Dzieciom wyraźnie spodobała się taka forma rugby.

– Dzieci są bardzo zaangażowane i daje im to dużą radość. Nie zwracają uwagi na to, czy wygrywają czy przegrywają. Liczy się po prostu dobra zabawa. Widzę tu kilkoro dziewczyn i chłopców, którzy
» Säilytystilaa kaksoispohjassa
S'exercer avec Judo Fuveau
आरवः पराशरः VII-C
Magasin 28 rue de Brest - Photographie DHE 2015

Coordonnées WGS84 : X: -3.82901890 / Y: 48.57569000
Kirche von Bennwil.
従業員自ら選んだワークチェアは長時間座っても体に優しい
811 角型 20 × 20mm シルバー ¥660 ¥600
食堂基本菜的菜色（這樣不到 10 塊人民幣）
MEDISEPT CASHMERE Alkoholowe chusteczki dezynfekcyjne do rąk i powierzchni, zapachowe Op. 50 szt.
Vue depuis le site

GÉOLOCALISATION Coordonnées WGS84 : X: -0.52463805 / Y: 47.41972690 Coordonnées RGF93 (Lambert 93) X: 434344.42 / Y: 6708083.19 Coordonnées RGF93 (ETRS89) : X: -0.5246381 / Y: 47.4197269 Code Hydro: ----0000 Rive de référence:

* * * *

#### Instructions for the task
Set down each record above without changing a single word.

#### Response to the task
Dzieciom wyraźnie spodobała się taka forma rugby.

– Dzieci są bardzo zaangażowane i daje im to dużą radość. Nie zwracają uwagi na to, czy wygrywają czy przegrywają. Liczy się po prostu dobra zabawa. Widzę tu kilkoro dziewczyn i chłopców, którzy
» Säilytystilaa kaksoispohjassa
S'exercer avec Judo Fuveau
आरवः पराशरः VII-C
Magasin 28 rue de Brest - Photographie DHE 2015

Coordonnées WGS84 : X: -3.82901890 / Y: 48.57569000
Kirche von Bennwil.
従業員自ら選んだワークチェアは長時間座っても体に優しい
811 角型 20 × 20mm シルバー ¥660 ¥600
食堂基本菜的菜色（這樣不到 10 塊人民幣）
MEDISEPT CASHMERE Alkoholowe chusteczki dezynfekcyjne do rąk i powierzchni, zapachowe Op. 50 szt.
Vue depuis le site

GÉOLOCALISATION Coordonnées WGS84 : X: -0.52463805 / Y: 47.41972690 Coordonnées RGF93 (Lambert 93) X: 434344.42 / Y: 6708083.19 Coordonnées RGF93 (ETRS89) : X: -0.5246381 / Y: 47.4197269 Code Hydro: ----0000 Rive de référence:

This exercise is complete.